Download (right-click, save target as ...) this page as a jupyterlab notebook Lab17

Laboratory 17: "Reject it or Fail!" or a Lab on "Hypothesis Testing"

LAST NAME, FIRST NAME

R00000000

ENGR 1330 Laboratory 17 - In-Lab

# Preamble script block to identify host, user, and kernel
import sys
! hostname
! whoami
print(sys.executable)
print(sys.version)
print(sys.version_info)

atomickitty
sensei
/opt/jupyterhub/bin/python3
3.8.10 (default, Sep 28 2021, 16:10:42) 
[GCC 9.3.0]
sys.version_info(major=3, minor=8, micro=10, releaselevel='final', serial=0)

Remember where we left our last laboratory session?¶

Accept my gratitude if you do! But in case you saw Agent K and Agent J sometime after Thursday or for any other reason, do not recall it, here is where were we left things:

We had a dataset with two sets of numbers (Set 1 and Set2). We did a bunch of stuff and decided that the Normal Distribution Data Model provides a good fit for both of sample sets. We, then used the right parameters for Normal Data Model (mean and standard deviation) to generate one new sample set based on each set. We then looked at the four sets next to each other and asked a rather simple question: Are these sets different or similar?

While we reached some assertions based on visual assessment, we did not manage to solidify our assertation in any numerical way. Well, now is the time!

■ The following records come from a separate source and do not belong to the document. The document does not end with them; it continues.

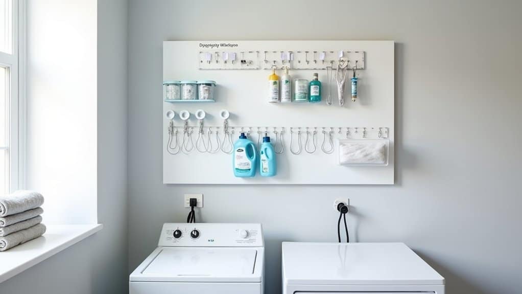 To maximize the pegboard’sPotential, consider grouping items by function or frequency of use for a streamlined workflow. For instance, place stain removers and measuring cups near the top for quick access during laundry prep, while lesser-used items like fabric softener can go lower or in a container. Add labels to shelves or hooks for easy identification, especially if multiple family members use the space, ensuring everything has a designated spot and clutter is minimized.
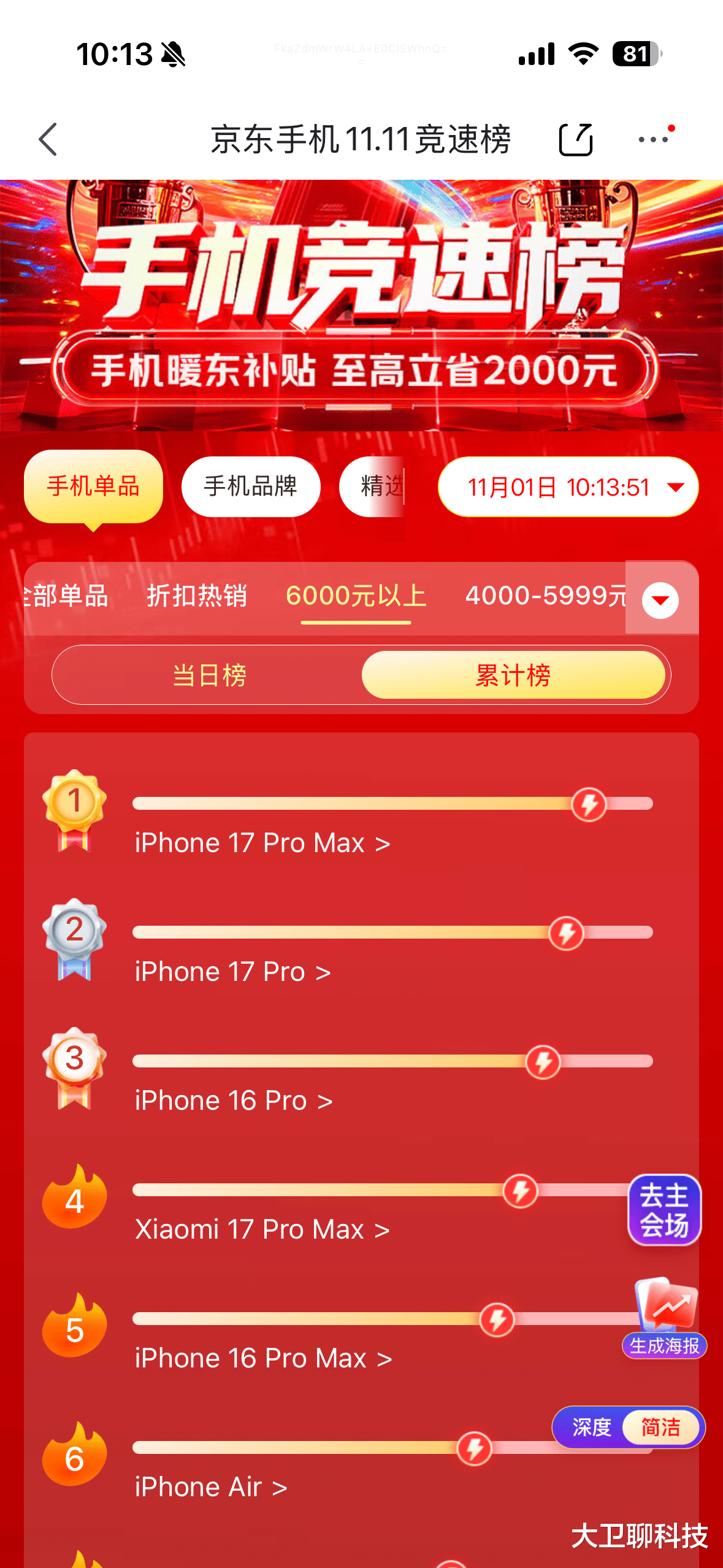 根据数据,在高端旗舰机市场,除了苹果之外,国产阵营只剩下一棵独苗了,那就是小米,国产第一。在6K+高端市场,小米17 Pro Max打破苹果iPhone17系列的垄断,斩获了Top4的位置,要知道排名前五的机型,除了小米17 Pro Max,其他席位全都被苹果霸占了,这也证明了,在国产阵营中,小米手机已经成为国产高端旗舰的代表之一,高端化投入超千亿,终于有了显著的成效,数据就是最好的证明。
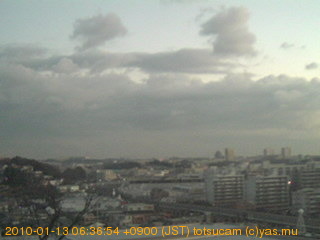 横浜市戸塚駅周辺から 東戸塚方面(北北東)を望む展望カメラの映像です。 左は現在の映像です。 下に並んでいるのは、 7日間に亘る日の出どき、昼間、夕暮れどきの写真(サムネイル)です。 それぞれ、日の出15分前、南中時、日没20分後の写真となっています。 各写真の下にはmpeg形式の動画へのリンクがあります。 それぞれ、日の出、南中、日没の前後1時間の画像です。 右欄にはその日24時間の動画へのリンクがあります。 この7日間以外は日付が一覧表示されています。 日付部分をクリックすると、 その日付から7日分が展開されて表示されます。
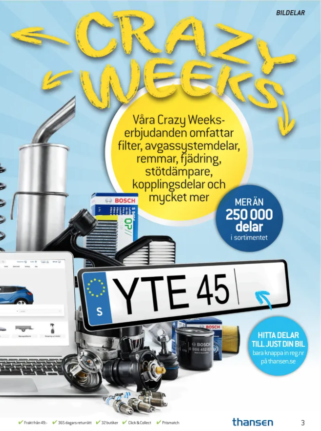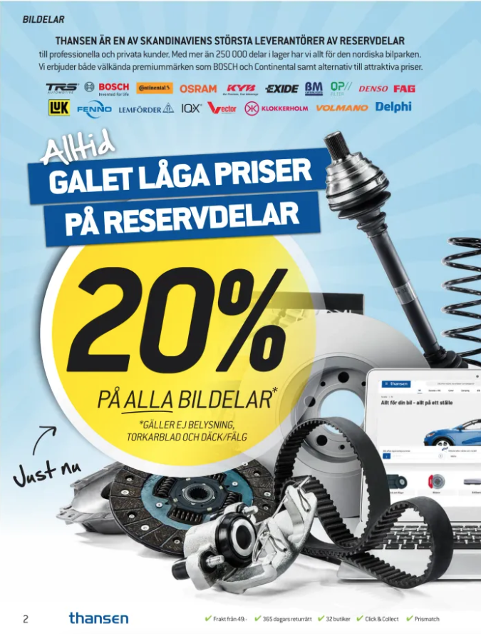 Spara upp till 20% på bildelar hos Thansen. Stort sortiment med över 250 000 delar för alla bilmärken
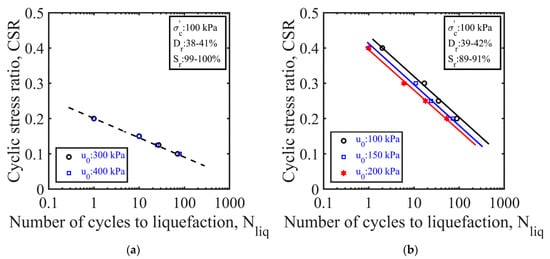 Effect of back pressure on liquefaction resistance of sand: (a) nearly/fully saturated sand specimens; (b) partially saturated sand specimens.
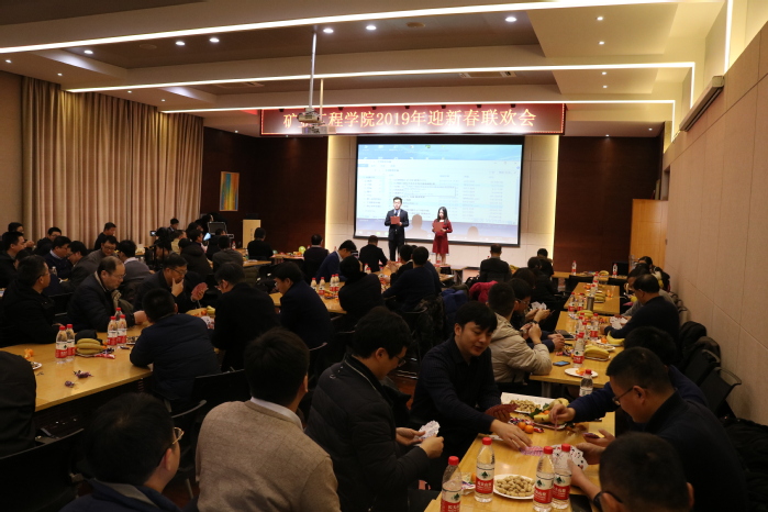 2019年迎新春联欢会在矿业楼A604报告厅举行。矿业学院党委书记陈新忠、院长张吉雄等学院领导班子和全院教职工欢聚一堂,共同迎接新的钟声、新的一年、新的祝福、新的期待。

#Load the necessary packages
import numpy as np
import pandas as pd
import matplotlib.pyplot as plt

Lets get our data from http://54.243.252.9/engr-1330-webroot/8-Labs/Lab17/lab14_E1data.csv

#Previously ...
data = pd.read_csv("lab14_E1data.csv") 
set1 = np.array(data['Set1'])
set2 = np.array(data['Set2'])
mu1 = set1.mean()
sd1 = set1.std()
mu2 = set2.mean()
sd2 = set2.std()
set1_s = np.random.normal(mu1, sd1, 100)
set2_s = np.random.normal(mu2, sd2, 100)
data2 = pd.DataFrame({'Set1s':set1_s,'Set2s':set2_s})

#Previously ...
fig, ax = plt.subplots()
data2.plot.hist(density=False, ax=ax, title='Histogram: Set1 and Set1 samples vs. Set2 and Set2 samples', bins=40)
data.plot.hist(density=False, ax=ax, bins=40)

ax.set_ylabel('Count')
ax.grid(axis='y')

#Previously ...
fig = plt.figure(figsize =(10, 7)) 
plt.boxplot ([set1, set1_s, set2, set2_s],1, '')
plt.show()

We can use statistical hypothesis tests to confirm that our sets are from Normal Distribution Data Models. We can use the Shapiro-Wilk Normality Test:

# the Shapiro-Wilk Normality Test for set1
from scipy.stats import shapiro

stat, p = shapiro(data['Set1'])
print('stat=%.3f, p=%.3f' % (stat, p))
if p > 0.05:
	print('Probably Gaussian')
else:
	print('Probably not Gaussian')

stat=0.992, p=0.793
Probably Gaussian

# the Shapiro-Wilk Normality Test for set2
from scipy.stats import shapiro

stat, p = shapiro(data['Set2'])
print('stat=%.3f, p=%.3f' % (stat, p))
if p > 0.05:
	print('Probably Gaussian')
else:
	print('Probably not Gaussian')

stat=0.981, p=0.151
Probably Gaussian

Now let's confirm that set1 and set1_s are from the same distribution. We can use the Mann-Whitney U Test for this:__

from scipy.stats import mannwhitneyu # import a useful non-parametric test
stat, p = mannwhitneyu(data['Set1'],data2['Set1s'])
print('statistic=%.3f, p-value at rejection =%.3f' % (stat, p))
if p > 0.05:
    print('Probably the same distribution')
else:
    print('Probably different distributions')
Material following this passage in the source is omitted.